Я снова хихикаю и закрываю глаза. Кажется, я засыпаю.
Я просыпаюсь. Точнее, выхожу из череды смутных приятных образов — видимо, когда я задремал, мой враг детства Оле-Лукойе раскрыл надо мной пёстрый зонтик — в реальность. Вода. Я шевелюсь, и с моих губ срывается стон.
Солнце уже склонилось к горизонту, но до этого оно палило, жгло мою кожу. Все ноги и руки покрыты красными пятнами. Стоит повернуть конечностями, жгучая боль впивается в сгибы на локтях, коленях, ступнях, кистях.
Превозмогая боль, я стараюсь размяться, но становится только хуже. Я снова начинаю плакать. И сползаю внутрь круга, погружая тело под воду. Теперь на поверхности остаётся лишь моя голова и руки, как и в самом начале. Становится легче, в холодной воде ожоги болят меньше, но я всё равно плачу от безысходности.
А вдруг, пока я спал, мимо проплывал катер? Или теплоход? И меня не заметили.
Какое-то время я просто роняю слёзы, а потом успокаиваюсь, превращаюсь в безвольный кусок прострации и позволяю течению нести меня в любом направлении.
Солнце уже не печёт, оно близится к западной части горизонта. К западной!!! Я вздрагиваю и внимательно слежу за светилом. Оранжевый фонарь на сорок пять градусов левее меня. Когда мы с мамой гуляли по пляжу на закате, солнце садилось в том месте, где холмы смыкались с водой.

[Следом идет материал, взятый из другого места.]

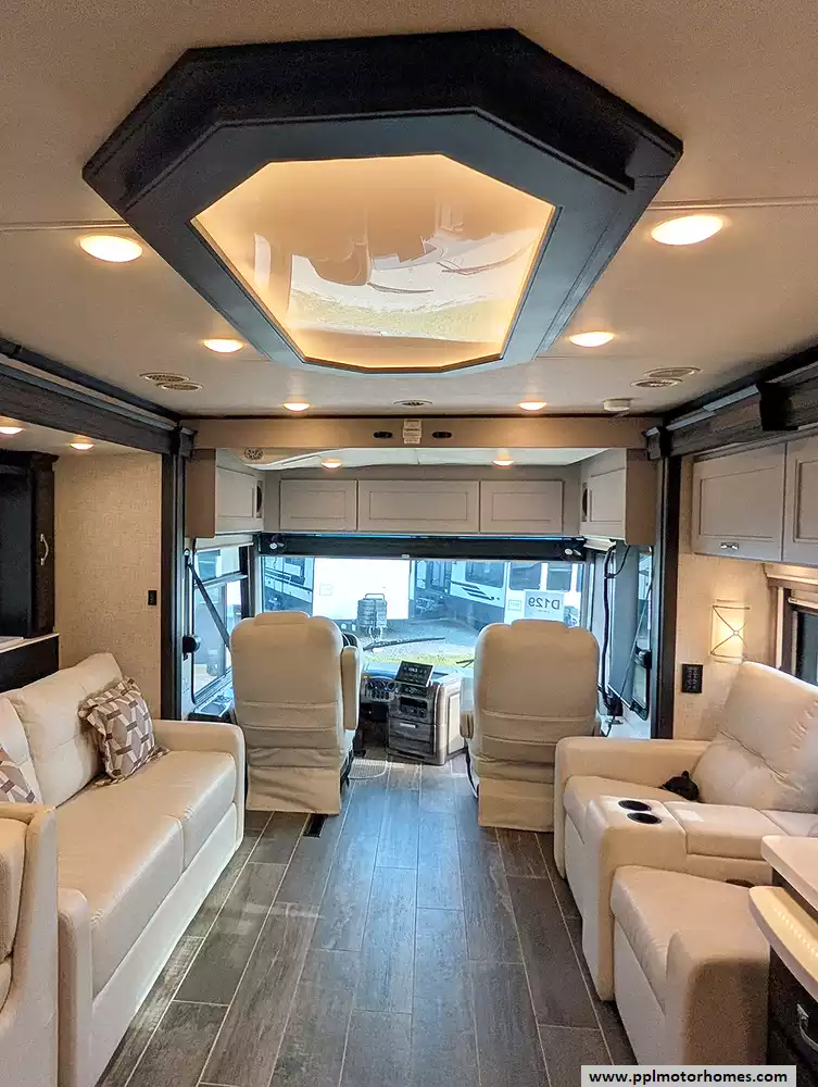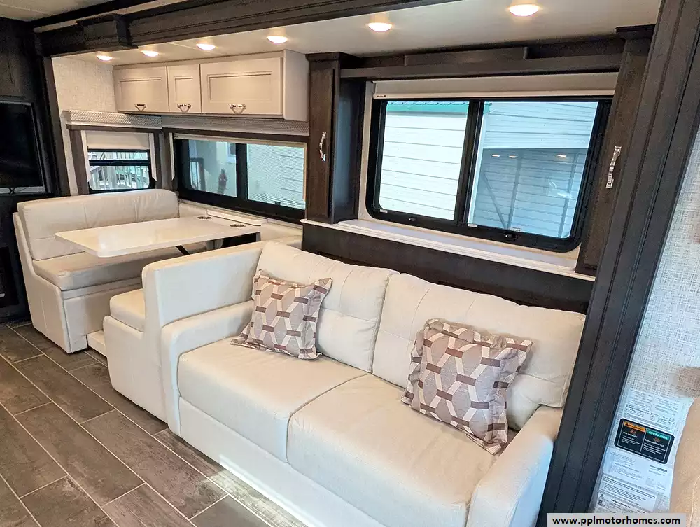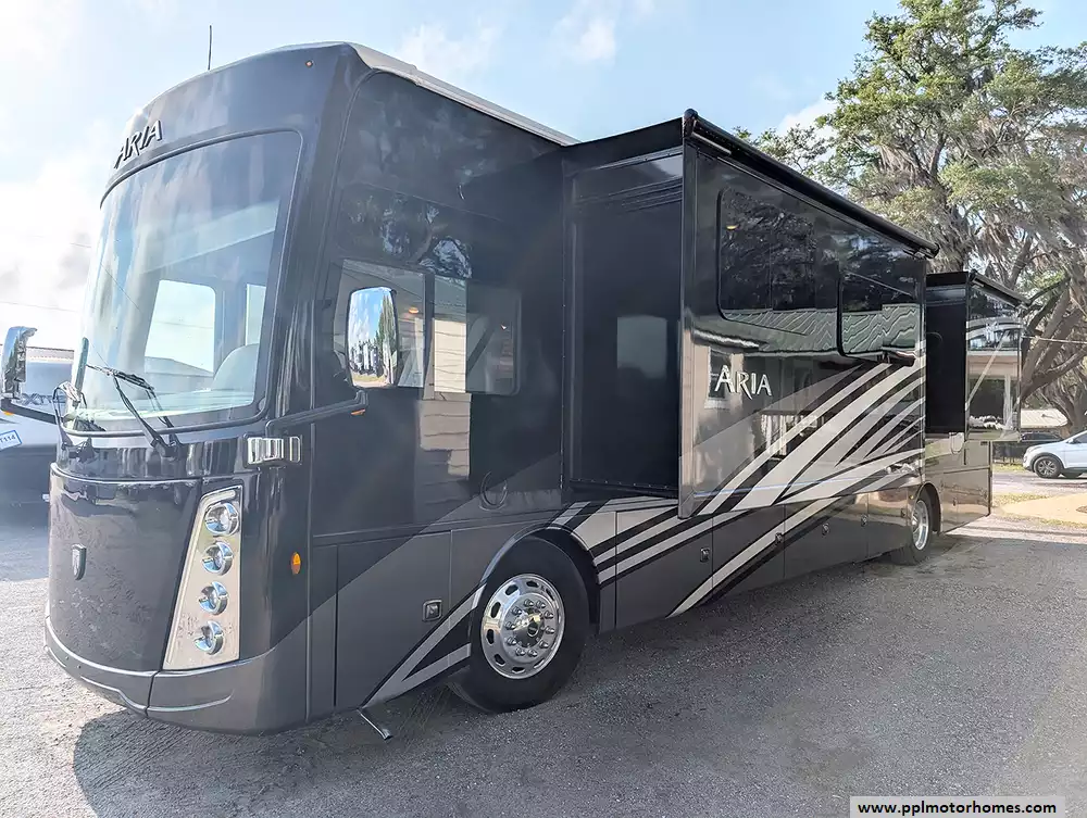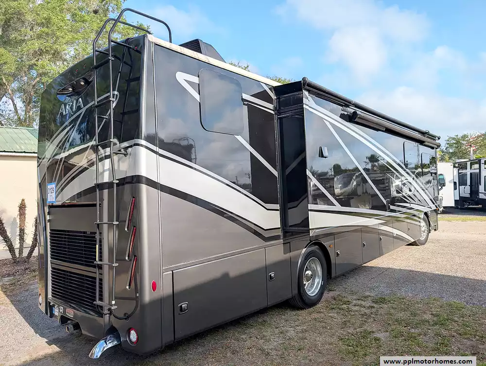 Designed for those who prioritize both durability and style, the Aria 3901 features a high-quality fiberglass body and a reliable TPO roof. The exterior is just as impressive as the interior, offering a complete automatic awning package that includes the main, window, slide, and door awnings for comprehensive shade and protection. An Onan diesel generator and solar panel provide the freedom to explore off the grid with confidence, while the outside entertainment system, outside shower, and satellite receiver make every campsite feel like a private resort. From its one-touch automatic levelers to its reputation for delivering a premium diesel-pusher experience, this Aria 3901 is ready to elevate your next cross-country adventure in absolute comfort.
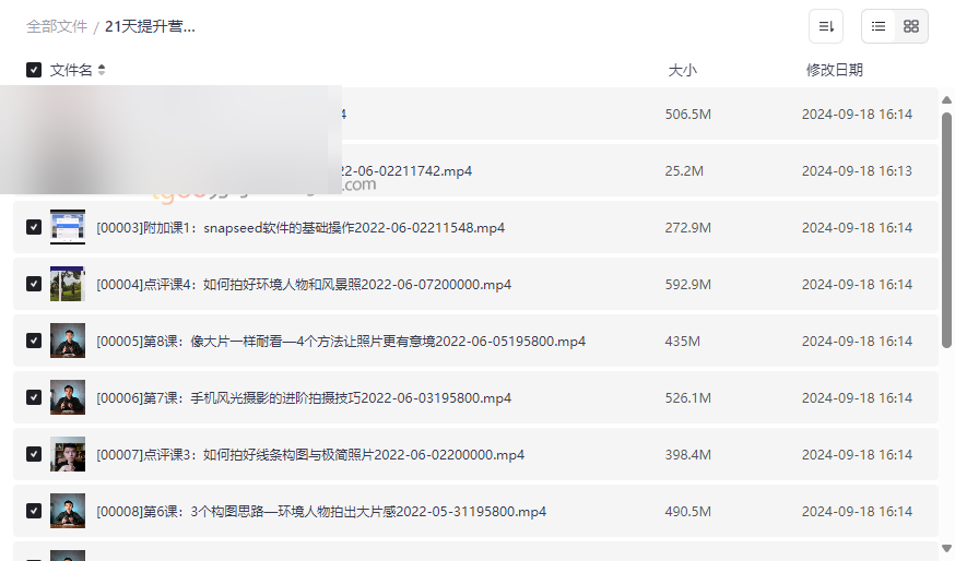 “21天提升营拍出有意境的照片”是一套专为摄影爱好者设计的系统性手机摄影课程,通过21天的集中学习,帮助用户掌握从基础到进阶的摄影技巧,提升照片的意境与艺术感。本资源集合了 核心课程视频、附加软件操作指南、专业点评课以及结营直播 等丰富内容,结合理论与实践,适合: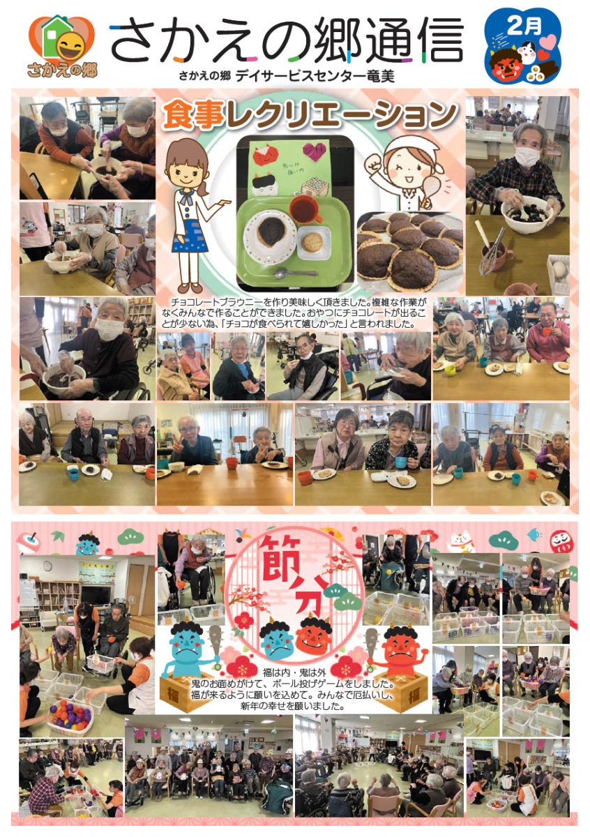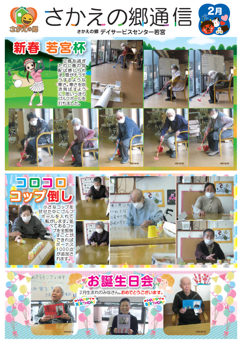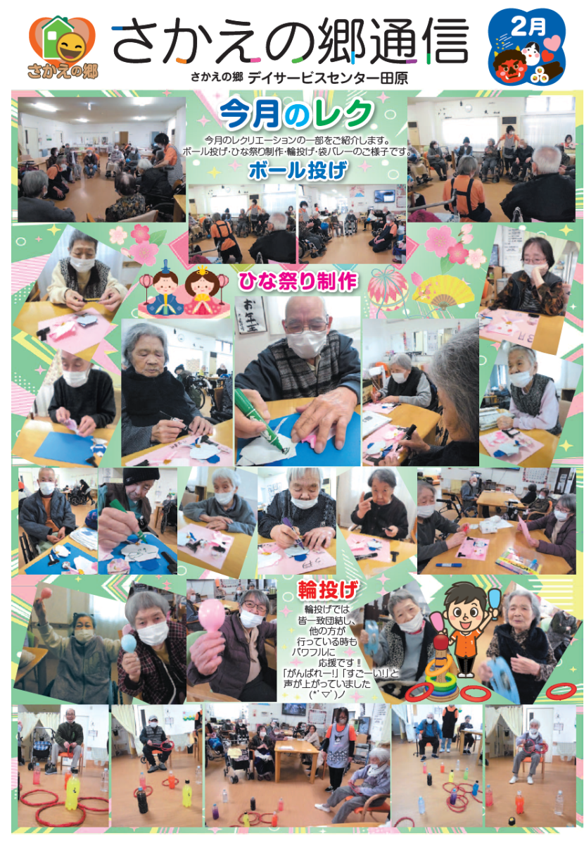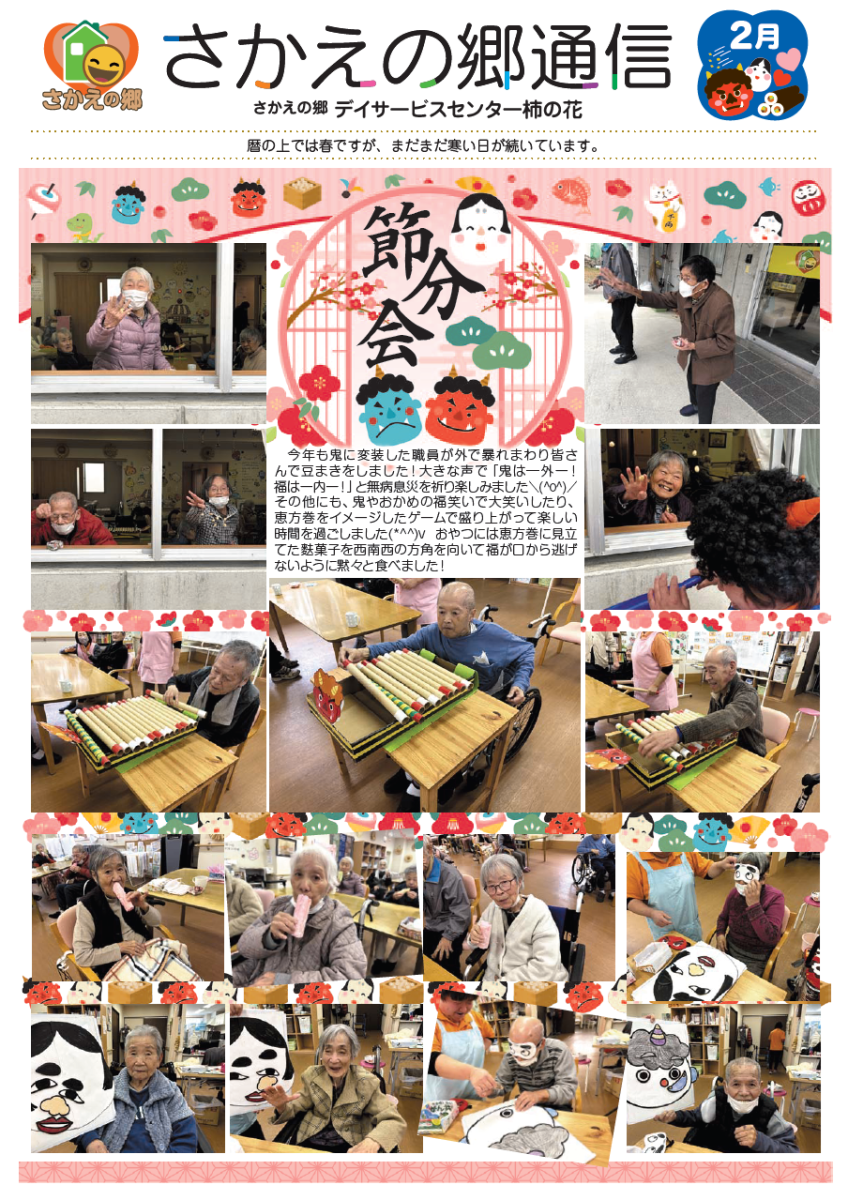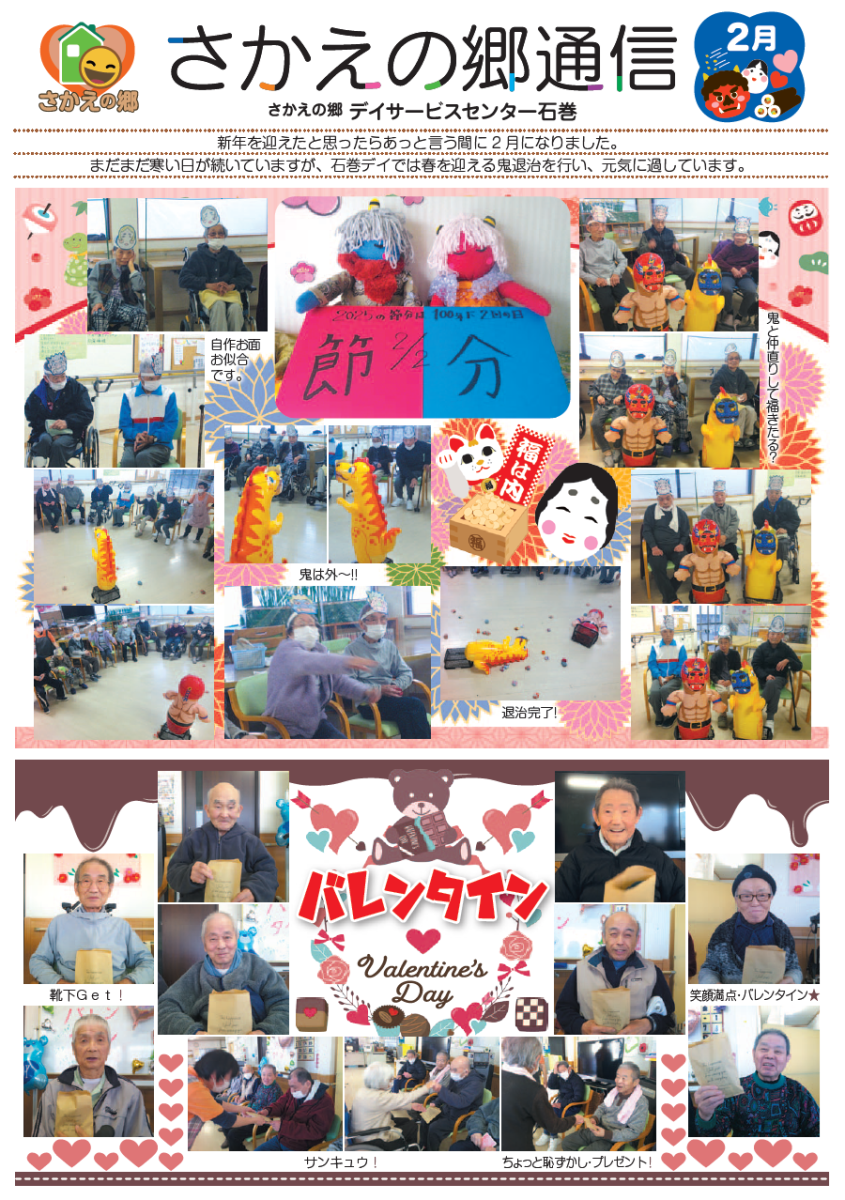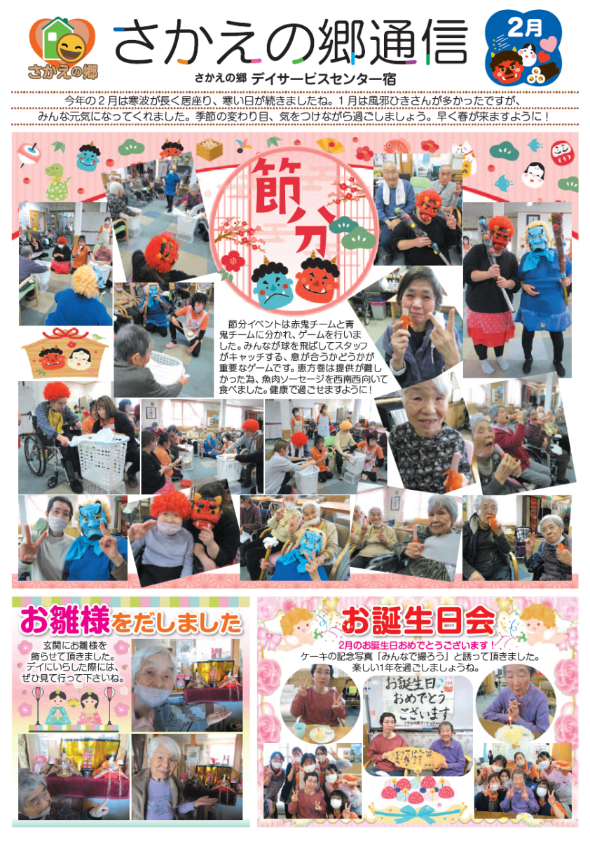 さかえの郷通信2025年2月号 2025/04/03 介護サービスで地域1番を目指すさかえの郷グループの施設だよりを是非ご覧ください。 (若宮、田原、宿、石巻、竜美、柿の花) *施設だよりの画像をクリックで閲覧できます。 施設ページに動画も掲載していますのでご覧ください。

Что мне это даёт? Думай, Некит, думай! Тогда запад был справа, если встать по направлению к морю, сейчас — слева. Значит?
Значит?
Знаааааачит!
Если я не унёсся в воды Турции к Стамбулу, что вряд ли, мой берег справа, почти на сорок пять градусов. И до него, вероятно, ближе всего.
Я вскрикнул от восторга. Как полезно знать основы географии. Мои руки забарахтались в воде, и я двинул круг направо. На сорок пять градусов.
Я хочу есть. А ещё больше хочу пить. Очень-очень! Солнце коснулось горизонта, я гребу уже несколько часов. От работы устаю, и голод напоминает о себе. Какая идиотская ирония: вокруг тонны воды, но я не могу найти и стаканчика той, что нужна мне.
Замечаю пересохшие губы. Смачиваю их в воде, потом засасываю в себя глоток моря, споласкиваю рот и выплёвываю. На языке тоже пустыня. Теперь нёбо увлажнилось, но в горле появился осточертевший привкус соли.
Я со смертной тоской наблюдаю, как круг солнца медленно погружается в воду. Чёрт возьми, от одной только мысли, что я проведу ночь в море, тошнило, а страх начинал шептать: не выживешь. И море подпевало: какой упрямый гадёныш. Всех сцапали, а он ещё сопротивляется. Но погоди-погоди, мы тебя достанем!
Приближение ночи убивает последние дольки оптимизма, и я начинаю грести с удвоенной скоростью, но очень скоро выдыхаюсь и повисаю на круге безвольной куклой. Сердце стучит в области подбородка, лёгкие качают воздух ещё чаще.
Я ХОЧУ ПИТЬ!!!
— Тварь!!! — кричу я на море, на небо, медуз, что томно проплывают подо мной.
А потом начинаю во всё горло скандировать: ПОМОГИТЕ! ПОМОГИТЕ! СОООООС!!!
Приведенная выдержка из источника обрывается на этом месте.